Avec le ministre de l'Économie et des Finances, Pierre Moscovici, nous allons nous atteler à avoir une plus grande transparence des flux financiers. Une directive européenne à l'initiative de Michel Barnier est en cours de discussion, j'en étais d'ailleurs un des négociateurs avant d'être appelé par le Premier ministre dans ces nouvelles fonctions. C'est donc, vous pouvez l'imaginer, un dossier que je suis donc de près.
Ce nouveau partenariat se construira sur une gouvernance démocratique. Cette gouvernance, vous avez la responsabilité, d'aider nos partenaires à la construire, à consolider le fonctionnement de l'État.

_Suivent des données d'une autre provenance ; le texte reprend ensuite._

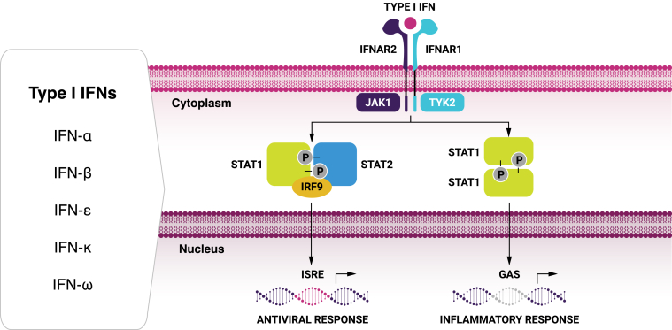Type I interferons (IFNs) are immunostimulatory molecules that can activate the innate and adaptive immune systems. In cases of immune dysfunction, prolonged activation of the type I IFN pathway has been correlated with kidney tissue damage in a wide range of kidney disorders, such as lupus nephritis (LN) and focal segmental glomerulosclerosis (FSGS). Genetic mutations, such as APOL1 risk variants in conjunction with elevated type I IFN expression, are also associated with higher rates of chronic kidney disease in patients with LN and collapsing FSGS. Long-term activation of the type I IFN pathway can result in chronic inflammation, leading to kidney tissue damage, cell death, and decline in organ function. Thus, therapeutic strategies targeting type I IFN could provide clinical benefits to patients with immune dysregulation who are at risk of developing impaired kidney function. Here, we present a critical review of type I IFN signaling, the consequences of chronically elevated type I IFN expression, and therapeutic strategies targeting type I IFN signaling in the context of kidney disease.
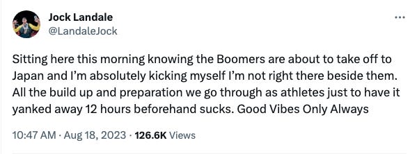 Jock Landale was a crucial part of that success, and he was set to be Australia’s starting centre once again at the World Cup. That was still the plan even as he sat out Australia's first two warmup games in Melbourne, and all was well when he returned in Thursday’s clash with South Sudan. He lasted just five minutes, though, before rolling his ankle and immediately hobbling down the tunnel. While scans will be needed to determine the specifics of the injury, it is expected to keep him in Australia and out of the tournament.

Notre assistance technique y participe déjà. Notre aide peut servir à combler des manques, mais elle doit toujours contribuer à créer les capacités qui permettront de ne plus en dépendre. Nous devons notamment travailler à renforcer les capacités fiscales des États bénéficiaires pour leur permettre d'accroître leurs ressources budgétaires. Avec France Expertise Internationale (FEI), mais aussi avec l'ADETEF, vous avez une palette d'expertises à offrir à nos partenaires et je veillerai à ce que l'offre d'expertise française voit sa lisibilité et sa complémentarité renforcées.
Cette question de la gouvernance, est également déterminante pour les États fragiles. Je pense par exemple à l'Afghanistan où je me suis rendu début juin. Le ministre des Affaires étrangères, Laurent Fabius, a confirmé à Tokyo la semaine dernière l'augmentation de l'aide française et le renforcement de la coopération civile franco-afghane. Ces jours-ci, l'Assemblée nationale et au Sénat examinent le traité d'amitié franco-afghan. Nous agissons ainsi pour éviter une nouvelle déstabilisation de l'État afghan. Je serai très attentif à la bonne mise en oeuvre de nos projets de coopération civile et à la sécurité de nos personnels qui y participent.
Pour autant, cet engagement n'est pas sans conditions. Je serai tout aussi attentif au respect par nos partenaires afghans de leurs engagements notamment en matière de lutte contre la corruption et de respect des droits de l'Homme et notamment du droit des femmes.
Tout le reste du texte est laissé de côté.